TASK OBJECTIVE: In the records below, the relevant part opens with the line containing "Ventilačná jednotka pre" and closes with the line containing "Además se destacan"; print that part exactly and only, without its pictures.

DATASET RECORDS:
Start of Block

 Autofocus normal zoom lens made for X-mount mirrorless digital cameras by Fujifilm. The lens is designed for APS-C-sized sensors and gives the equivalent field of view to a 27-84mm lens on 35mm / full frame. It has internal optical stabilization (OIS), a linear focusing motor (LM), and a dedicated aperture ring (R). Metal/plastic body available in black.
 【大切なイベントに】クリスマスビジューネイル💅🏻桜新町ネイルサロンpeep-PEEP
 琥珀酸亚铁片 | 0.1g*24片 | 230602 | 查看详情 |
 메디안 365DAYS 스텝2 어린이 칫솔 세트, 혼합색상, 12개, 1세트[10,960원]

End of Block
Start of Block

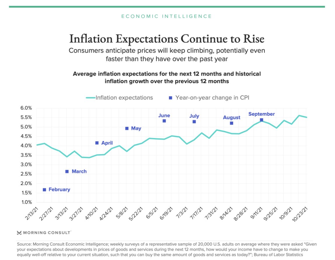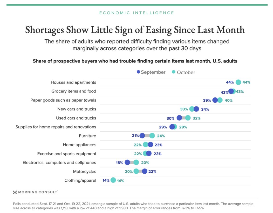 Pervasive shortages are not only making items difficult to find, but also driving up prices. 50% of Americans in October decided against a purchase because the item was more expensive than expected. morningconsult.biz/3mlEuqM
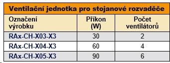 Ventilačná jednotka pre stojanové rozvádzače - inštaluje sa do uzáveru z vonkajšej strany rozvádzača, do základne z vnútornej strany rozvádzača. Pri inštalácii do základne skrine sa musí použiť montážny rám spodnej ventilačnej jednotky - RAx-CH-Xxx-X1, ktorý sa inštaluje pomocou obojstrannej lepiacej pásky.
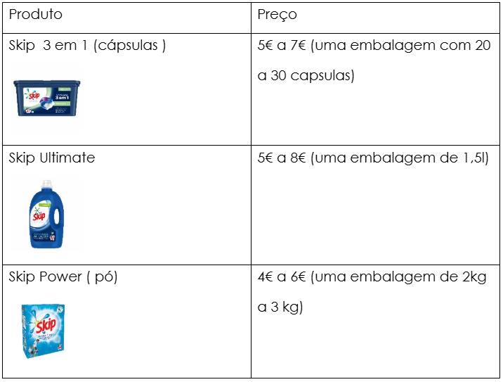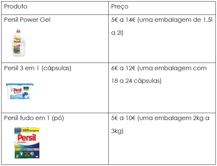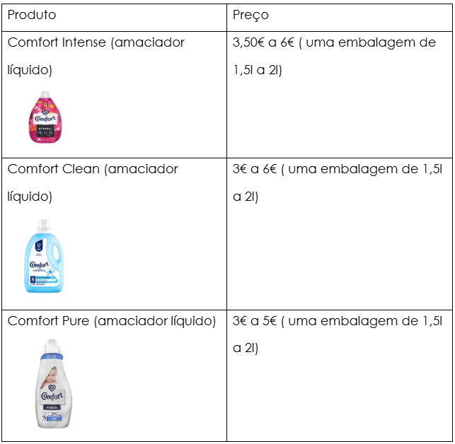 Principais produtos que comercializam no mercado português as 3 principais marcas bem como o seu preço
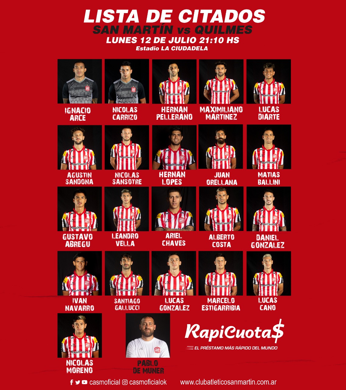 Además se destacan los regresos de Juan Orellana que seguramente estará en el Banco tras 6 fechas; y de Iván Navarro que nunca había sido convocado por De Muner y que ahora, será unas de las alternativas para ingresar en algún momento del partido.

End of Block

RESULT FOR THIS TASK:
 Ventilačná jednotka pre stojanové rozvádzače - inštaluje sa do uzáveru z vonkajšej strany rozvádzača, do základne z vnútornej strany rozvádzača. Pri inštalácii do základne skrine sa musí použiť montážny rám spodnej ventilačnej jednotky - RAx-CH-Xxx-X1, ktorý sa inštaluje pomocou obojstrannej lepiacej pásky.
 Principais produtos que comercializam no mercado português as 3 principais marcas bem como o seu preço
 Además se destacan los regresos de Juan Orellana que seguramente estará en el Banco tras 6 fechas; y de Iván Navarro que nunca había sido convocado por De Muner y que ahora, será unas de las alternativas para ingresar en algún momento del partido.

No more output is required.